Invited Speakers
Ming Yin
Purdue University
Mitigating Biases in Crowdsourcing Data Collection
Date: 10th November 2021, 16:00 - 17:00
Data has become the secret sauce for the rapid progress of artificial intelligence (AI). Over the past decade, crowdsourcing has become a prevalent paradigm for obtaining data from people to enhance machine intelligence. However, there is a growing line of literature showing that data collected from crowdsourcing efforts could have significant biases, which not only decreases the quality of the data, but may even negatively impact the downstream algorithmic models built based on these data. Many factors could contribute to the biases in crowdsourced data, including the composition of the dataset on which annotations are solicited from the crowd (e.g., sampling bias of the dataset), and the cognitive and behavioral limitations that the crowd is subject to when providing annotations (e.g., cognitive bias, affective bias, social bias). In this talk, I'll present some of our recent efforts in mitigating biases throughout the crowdsourcing data collection lifecycle. In particular, I'll discuss how the wisdom of the crowd can be leveraged to detect sampling bias of the dataset before the data is collected, whether and how adding real-time worker interactions during data collection can help mitigate biases in the crowdwork, and how to account for worker biases after the data is collected to reduce data biases through post-hoc data aggregation.
Saiph Savage
Northeastern University
The Future of A.I. for Social Good
Date: 11th November 2021, 15:30 - 16:30
The A.I. Industry has powered a futuristic reality of self-driving cars and voice assistants to help us with almost any need. However, the A.I. Industry has also created systematic challenges. For instance, while it has led to platforms where workers label data to improve machine learning algorithms, my research has uncovered that these workers earn less than minimum wage. We are also seeing the surge of A.I. algorithms that privilege certain populations and racially exclude others. If we were able to fix these challenges we could create greater societal justice and enable A.I. that better addresses people’s needs, especially groups we have traditionally excluded.

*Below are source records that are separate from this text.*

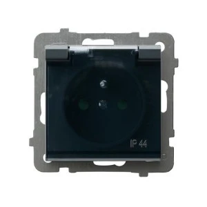 SONATA Gniazdo bryzgoszczelne z uziemieniem IP‑44 z przesłonami torów wieczko przezroczyste szary grafit GPH‑1RZP/m/73/d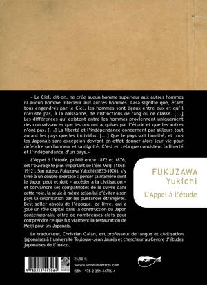 Le Ciel, dit-on, ne cree aucun homme superieur aux autres hommes ni aucun homme inferieur aux autres hommes. Cela signifie que, etant tous engendres par le Ciel, les hommes sont egaux entre eux et qu'il n'existe pas, a la naissance, de distinctions de rang ou de classe. [...] Les differences qui existent entre les hommes proviennent uniquement des connaissances que les uns ont acquises par l'etude et que les autres n'ont pas. [...] La liberte et l'independance concernent par ailleurs tout autant les pays que les individus. [...] Que le pays soit humilie, et tous les Japonais sans exception devront en effet donner alors leur vie pour defendre son honneur et sa dignite. C'est en cela que consistent la liberte et l'independance d'un pays.L'Appel a l'etude, publie entre 1872 et 1876, est l'ouvrage le plus important de l'ere Meiji (1868-1912). Son auteur, Fukuzawa Yukichi (1835-1901), s'y livre a un double exercice: penser la maniere dont le Japon peut et doit acceder a la civilisation et convaincre ses compatriotes de le suivre dans cette voie, la seule a meme selon lui d'eviter a son pays la colonisation par les puissances etrangeres. Best-seller absolu de l'epoque, ce livre, qui a joue un role capital dans la construction du Japon contemporain, offre de nombreuses clefs pour comprendre ce que fut vraiment la restauration de Meiji pour les Japonais.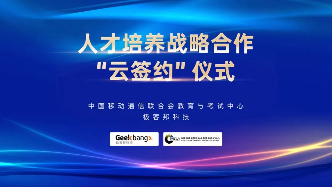 近日,极客邦科技与中国移动通信联合会教育与考试中心举行线上战略签约仪式,双方就ICT行业讲师标准评价体系建设及专项技术培训认证等方面进行深入合作,共同推动数字人才发展,助力我国数字经济高速前进。中国移动通信联合会教育与考试中心主任陈晓华,极客邦科技副总裁、双数研究院院长付晓岩出席签约仪式。
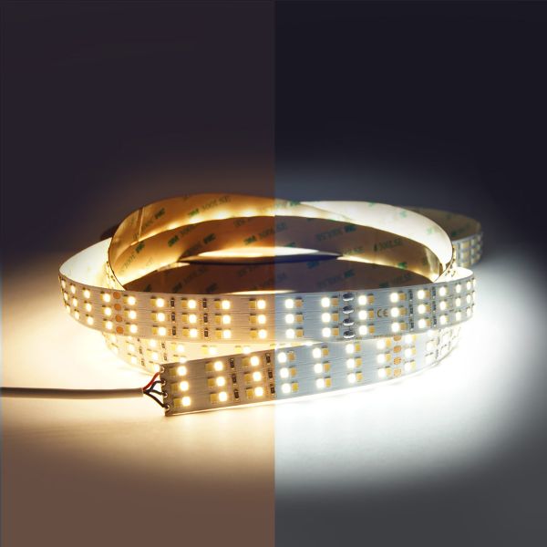 Unser 24V High Power LED-Streifen mit Hochleistungs-LEDs sorgt für eine hohe Lichtintensität und eignet sich daher nicht nur als Lichtquelle für Hintergrundbeleuchtungen, sondern vor allem auch für die direkte Beleuchtung. Die hohe LED-Dichte von 420 LEDs pro Meter garantiert eine gleichmäßige Ausleuchtung. Dank der selbstklebenden Rückseite lässt sich der LED-Streifen auf jeder festen Oberfläche anbringen. Durch die einstellbare Farbtemperatur, die stufenlos wählbar ist, kann auch nur Warmweiß oder Weiß gewählt werden. Um unterschiedliche Farbtemperaturen darzustellen, werden die Leistungswerte entsprechend angepasst. Zum Beispiel Warmweiß mit 60% und Weiß mit 40%. Es werden also nie beide LED-Typen, warmweiß und weiß, gleichzeitig mit voller Leistung angesteuert.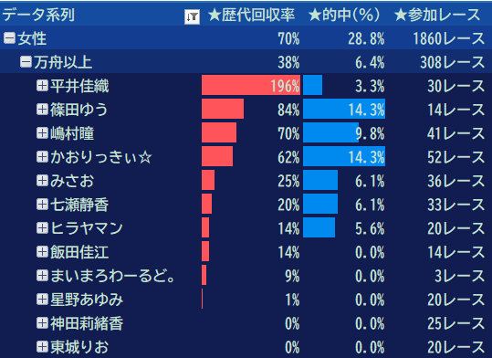 コロシアムで過去に308レース 万舟決着のレースが女性演者の時にありました。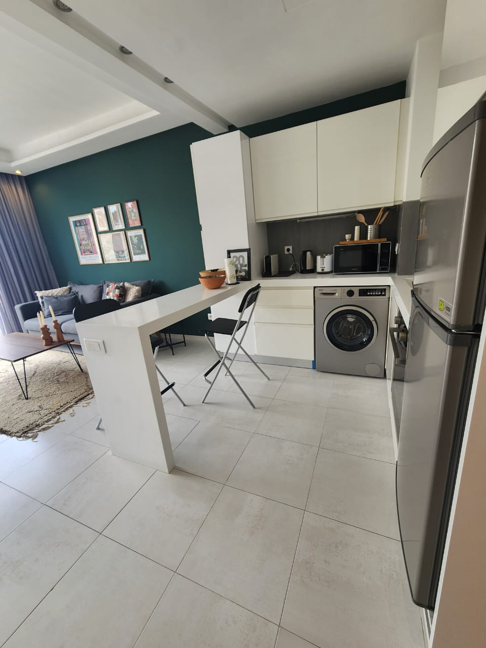 - Une cuisine ouverte entièrement équipée avec comptoir dinatoire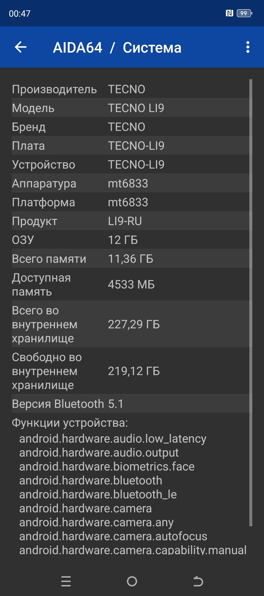 У смартфона Tecno Pova 6 Pro 5G хорошие сетевые возможности. Поддерживается большинство диапазонов мобильных сетей 4G и 5G, два диапазона Wi-Fi 5 и Bluetooth 5.3, есть поддержка NFC. В нашей версии смартфона не поддерживаются сети 5G и нет поддержки e-SIM. На практике в пределах городской черты московского региона аппарат демонстрирует уверенную работу в беспроводных сетях, не теряет связь, быстро восстанавливает связь после вынужденного обрыва. Все необходимые встроенные датчики, вплоть до гироскопа, на месте.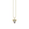Suspended on a fine 14k yellow gold ball chain available in 16″ or 18″ lengths, this piece makes a unique statement of lightheartedness, creativity, and individuality.

In this talk, I will discuss some of these urgent global problems that my research has uncovered from the A.I. Industry. I will present how we can start to address these problems through my proposed "A.I. For Good" framework. My framework uses value sensitive design to understand people's values and rectify harm. I will present case-studies where I use this framework to design A.I. systems that improve the labor conditions of the workers operating behind the scenes in our A.I. industry; as well as how we can use this framework to safeguard our democracies. I conclude by presenting a research agenda for studying the impact of A.I. in society; and researching effective socio-technical solutions in favor of the future of work and countering techno-authoritarianism.
Alexandra Olteanu
Microsoft
On the Foresight and Measurement of Computational Harms
Date: 12th November 2021, 15:45 - 16:45
Abstract: There is a rich and long-standing literature on detecting and mitigating a wide range of biased, objectionable, or deviant content and behaviors, including hateful and offensive speech, misinformation, and discrimination. There is also a growing literature on fairness, accountability, and transparency in computational systems that is concerned with how such systems may inadvertently engender, reinforce, and amplify such behaviors. While many systems have become increasingly proficient at identifying clear cases of objectionable content and behaviors, many challenges still persist.
While existing efforts tend to focus on issues that we know to look for, techniques for preempting future issues that may not yet be on the product teams' and research community's radar are not nearly as well developed or understood. Addressing this gap requires deep dives into specific application areas. In addition, existing approaches to measuring computational harms also often embed many unnamed assumptions, with poorly understood implications to the fairness and inclusiveness of a system. I will ground our discussion in some of our recent research examining how language technologies are being evaluated and how we could do better.